**Stored data**
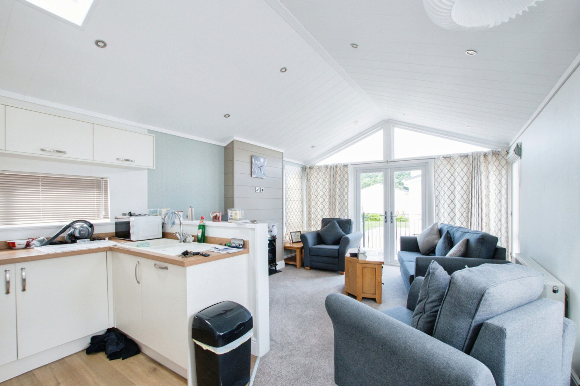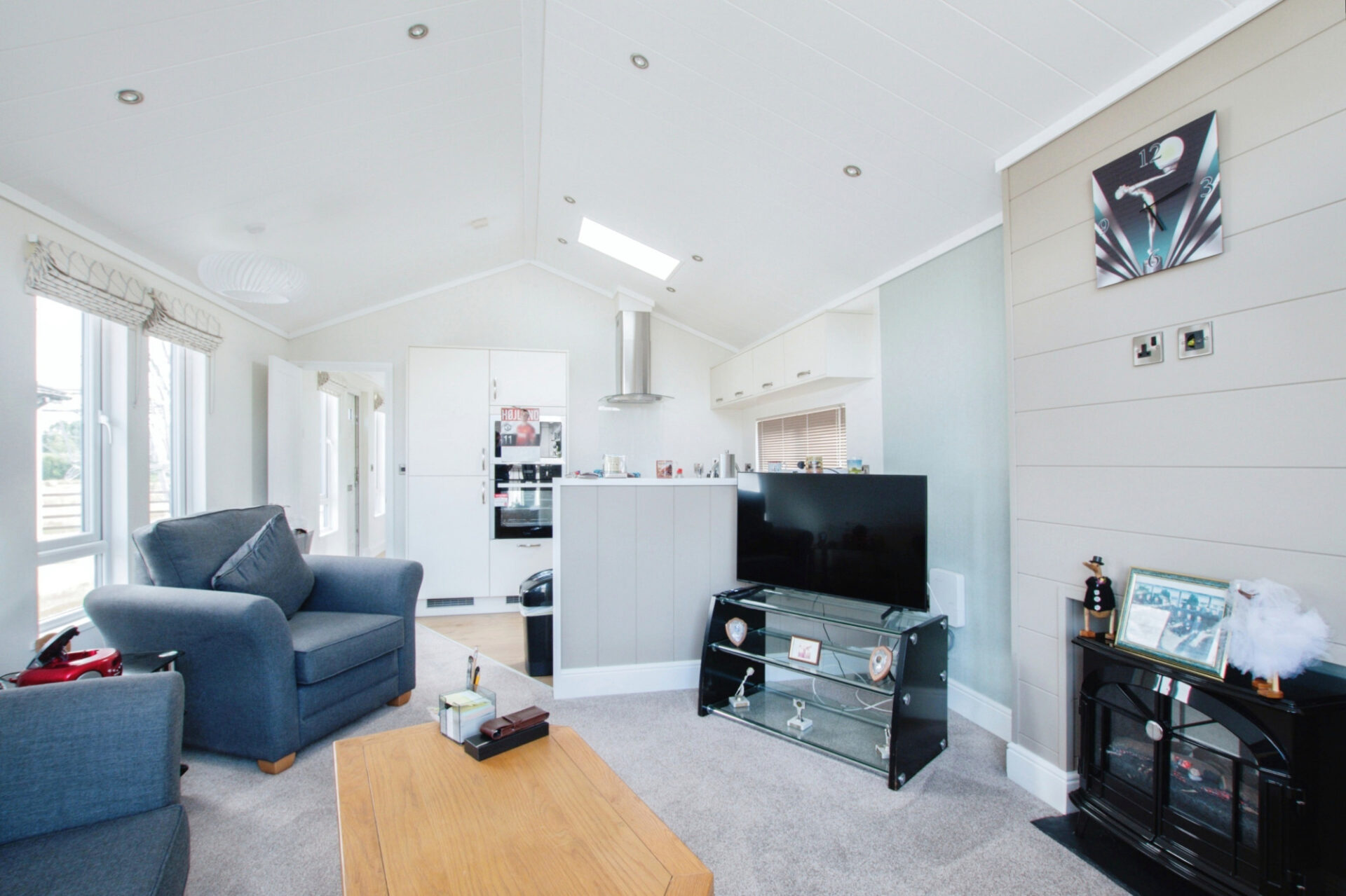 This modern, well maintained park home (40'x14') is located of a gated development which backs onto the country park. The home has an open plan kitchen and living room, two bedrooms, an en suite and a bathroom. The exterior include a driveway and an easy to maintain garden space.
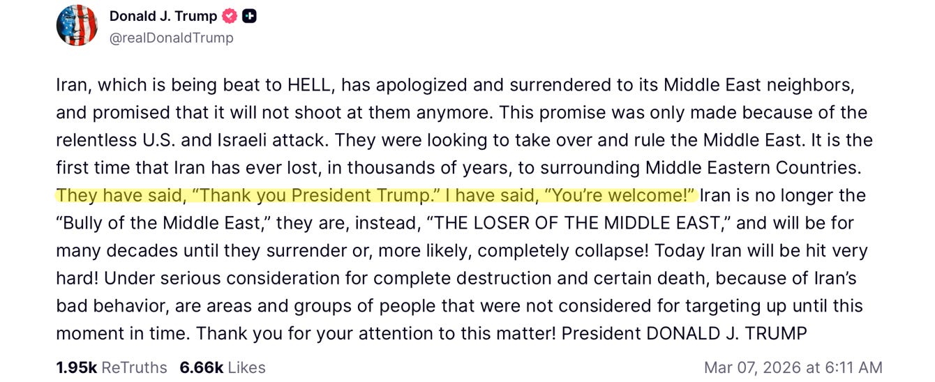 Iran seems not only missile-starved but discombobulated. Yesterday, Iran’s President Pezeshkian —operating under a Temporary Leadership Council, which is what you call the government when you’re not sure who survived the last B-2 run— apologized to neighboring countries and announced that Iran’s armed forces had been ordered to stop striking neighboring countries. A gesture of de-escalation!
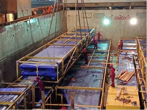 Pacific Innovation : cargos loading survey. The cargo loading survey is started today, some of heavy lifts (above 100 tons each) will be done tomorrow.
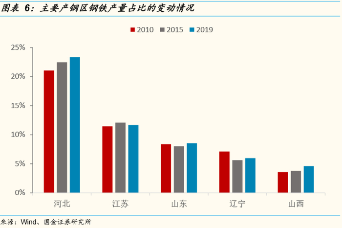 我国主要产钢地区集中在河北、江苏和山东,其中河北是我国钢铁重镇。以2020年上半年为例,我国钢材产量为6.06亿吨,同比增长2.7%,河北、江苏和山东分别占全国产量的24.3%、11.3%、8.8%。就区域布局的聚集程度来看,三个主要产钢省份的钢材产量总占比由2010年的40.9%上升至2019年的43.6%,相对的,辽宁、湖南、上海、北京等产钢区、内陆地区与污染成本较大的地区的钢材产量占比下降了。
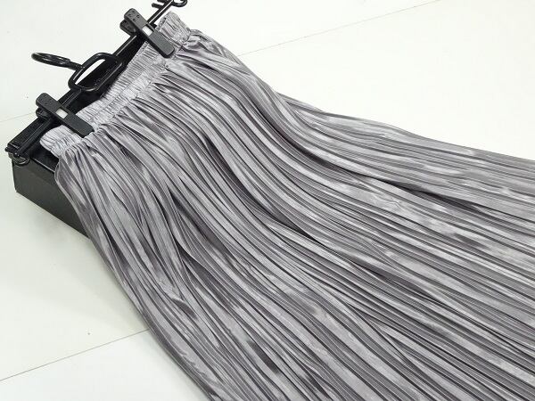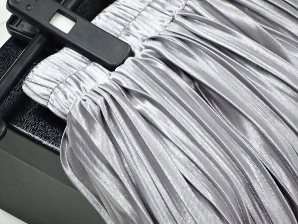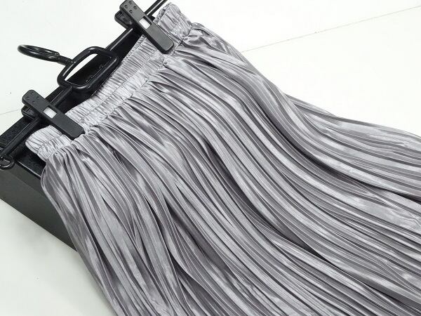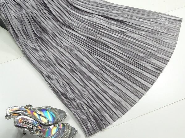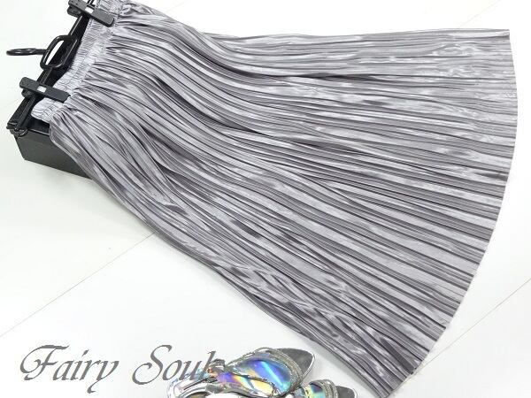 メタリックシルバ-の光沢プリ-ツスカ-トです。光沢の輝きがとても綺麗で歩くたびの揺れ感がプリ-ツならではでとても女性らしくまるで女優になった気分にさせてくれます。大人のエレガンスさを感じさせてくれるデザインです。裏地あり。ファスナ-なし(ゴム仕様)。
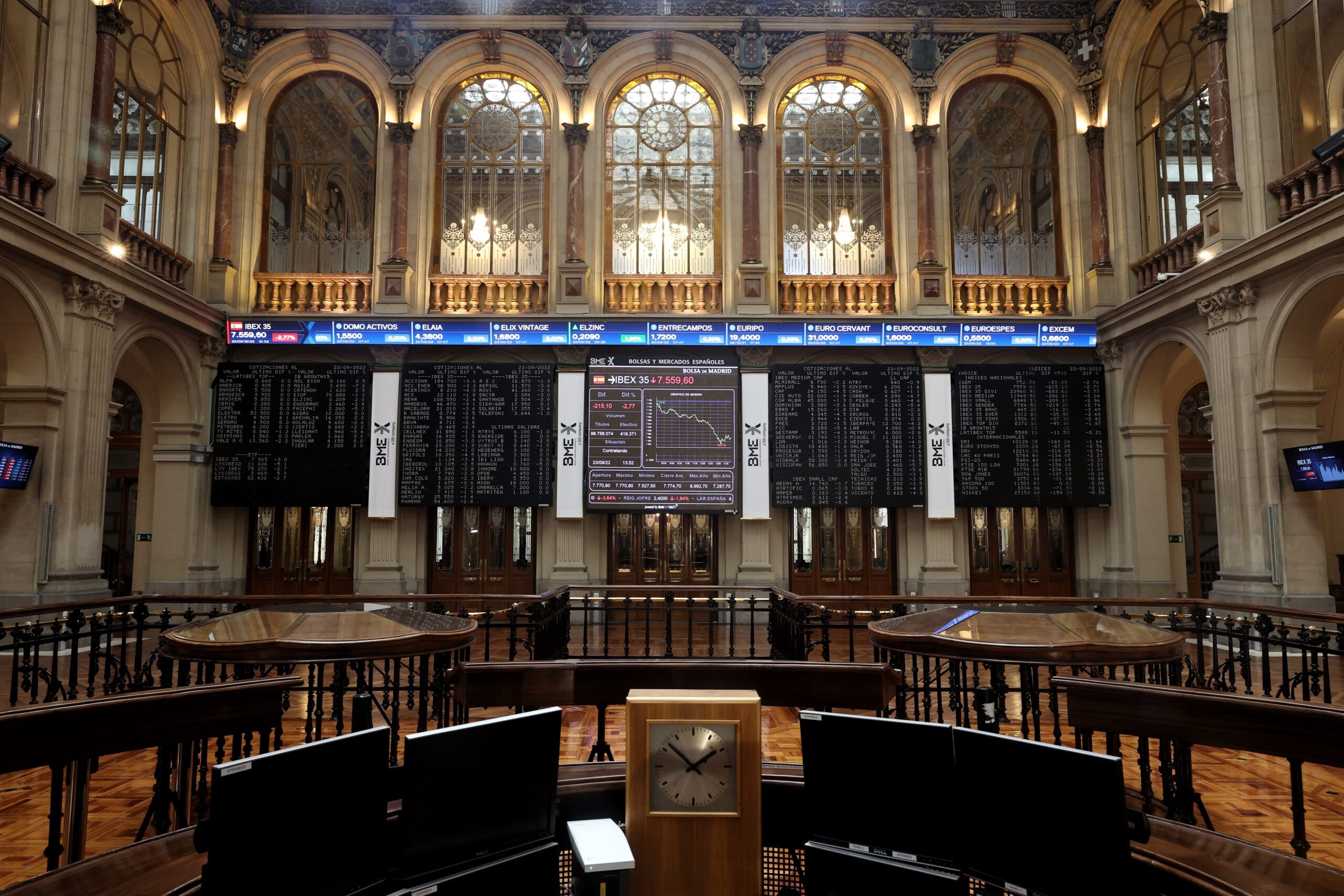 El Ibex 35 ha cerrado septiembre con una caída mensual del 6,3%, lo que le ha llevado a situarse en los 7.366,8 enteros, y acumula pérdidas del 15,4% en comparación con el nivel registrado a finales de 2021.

**Your goal**
Set down exactly, with no additions, each line from the line that includes "Pacific Innovation : cargos" to the final line of the entries above; leave pictures out.

**Result below**
 Pacific Innovation : cargos loading survey. The cargo loading survey is started today, some of heavy lifts (above 100 tons each) will be done tomorrow.
 我国主要产钢地区集中在河北、江苏和山东,其中河北是我国钢铁重镇。以2020年上半年为例,我国钢材产量为6.06亿吨,同比增长2.7%,河北、江苏和山东分别占全国产量的24.3%、11.3%、8.8%。就区域布局的聚集程度来看,三个主要产钢省份的钢材产量总占比由2010年的40.9%上升至2019年的43.6%,相对的,辽宁、湖南、上海、北京等产钢区、内陆地区与污染成本较大的地区的钢材产量占比下降了。
 メタリックシルバ-の光沢プリ-ツスカ-トです。光沢の輝きがとても綺麗で歩くたびの揺れ感がプリ-ツならではでとても女性らしくまるで女優になった気分にさせてくれます。大人のエレガンスさを感じさせてくれるデザインです。裏地あり。ファスナ-なし(ゴム仕様)。
 El Ibex 35 ha cerrado septiembre con una caída mensual del 6,3%, lo que le ha llevado a situarse en los 7.366,8 enteros, y acumula pérdidas del 15,4% en comparación con el nivel registrado a finales de 2021.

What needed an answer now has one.